WASHINGTON (MNI) – Stuttering economic growth and a lack of
progress on the jobs front, coupled with the expectation that conditions
will not undergo a marked improvement for the rest of the year, has a
senior Federal Reserve official calling for an aggressive, open-ended
bond buying program to spur economic activity.

“We’ve only been treading water in the labor markets … the GDP
reports have been disappointing,” Boston Federal Reserve Bank President
Eric Rosengren said Tuesday in an interview on CNBC.

“My expectation is the second half of the year won’t be much
better,” he added. “Given that we are only treading water, that’s the
reason why I would advocate for a more accommodative monetary policy.”
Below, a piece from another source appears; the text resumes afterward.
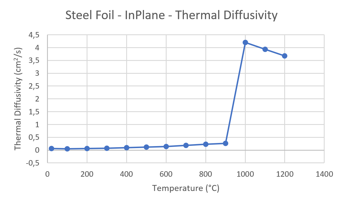Die Messung der dünnen Stahlfolie wurde von Raumtemperatur bis 1.200 °C durchgeführt. Von Raumtemperatur bis 900 °C nimmt die Temperaturleitfähigkeit mit der Temperatur zu. Ein schneller Anstieg der Temperaturleitfähigkeit ist zwischen 900 °C und 1.000 °C zu beobachten. In diesem Temperaturbereich beginnt die Probe zu schmelzen, was zu einer drastischen Änderung der Temperaturleitfähigkeit führt. Eine weitere Erhöhung der Temperatur führt zu einer Abnahme der Temperaturleitfähigkeit.
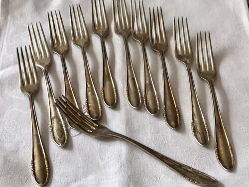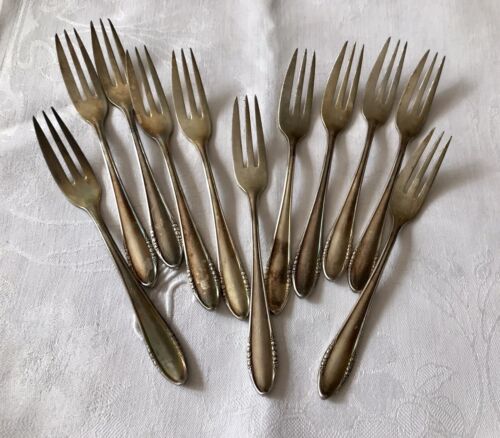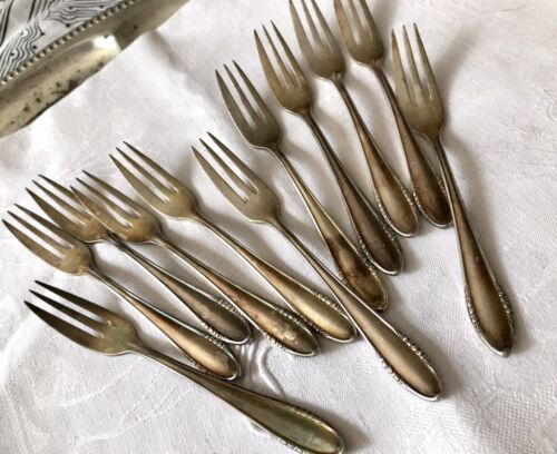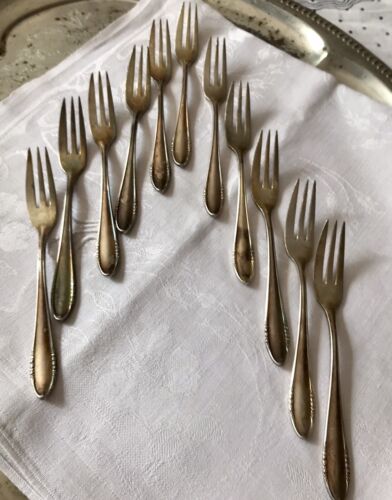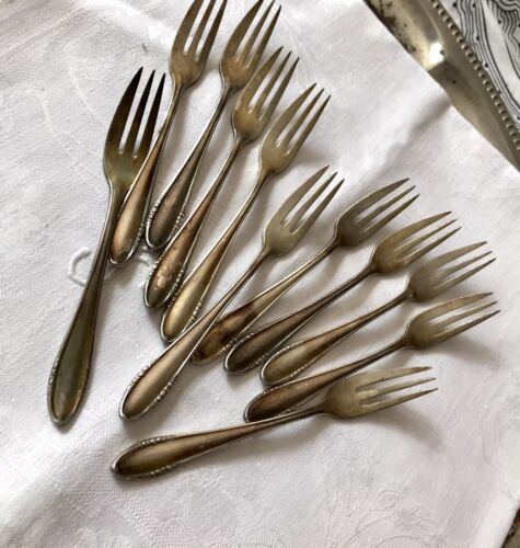 Antik Art Déco BMF 90 versilbert Kaffee Besteck 11x Kuchengabel Gabel

In the absence of any action by the Fed’s policymaking Federal Open
Market Committee, Rosengren predicted the unemployment rate will rise to
8.4% by the end of the year.

Rosengren will be a voter on the FOMC next year.

Rosengren argued that U.S. economic growth this year will be
substantially below the Fed’s expectations “calls for a much more
accommodative monetary policy.”

“I think it needs to be substantial enough that it offsets some of
the shocks that we are getting from abroad and some of the concerns that
people have with how weak the world economy has been,” he said of
monetary policy action.

The global economy is slowing down, Rosengren said, which makes the
case for a quantitative easing program “of sufficient magnitude.”

And rather than declaring at the outset how large or how long the
bond-buying program would be, Rosengren said he would argue for it to be
open-ended and focused on economic outcomes.

“If we do a quantitative easing program, we should be using
economic outcomes as what we are trying to get: we want a stronger
economy, we want faster growth in the income and we want a labor market
that has an unemployment rate that is clearly declining,” he said.

“So rather than setting a calendar date, rather than setting a
magnitude, you’d say we are going to do this monthly growth rate (of
purchases) until we see an improvement in the economy,” he said.

Asked how an open-ended QE program would work, Rosengren said the
focus would be on mortgage-backed securities, with purchases made at a
monthly rate — that could be altered if needed — but of a substantial
magnitude.

The open-ended nature of the program means “setting a quantity that
you are going to continue to buy until you get the economic outcomes you
want,” he said.

Still, there is a limit to how large the Fed’s balance sheet can
be, Rosengren cautioned, particularly as the central bank is limited to
just purchases of Treasury and mortgage-backed securities.

Rosengren argued that quantitative easing by the Fed has helped
push up asset prices and would also aid a housing market that has been
improving and starting to show some “legs.”

“My hope would be that the policy would be substantial enough that
we actually wouldn’t have to carry it on for that long and that we’d
start seeing real improvements in the economy,” he said.

As for the fears some have that another large asset purchase
program could stoke the inflation expectations, Rosengren said inflation
is below the Fed’s 2% target despite having implemented two QE programs
since 2008.

“While that’s a real concern and we have to factor that in, to date
we haven’t seen those inflationary pressures in part because we haven’t
gotten the economic growth that we were hoping to get,” he said.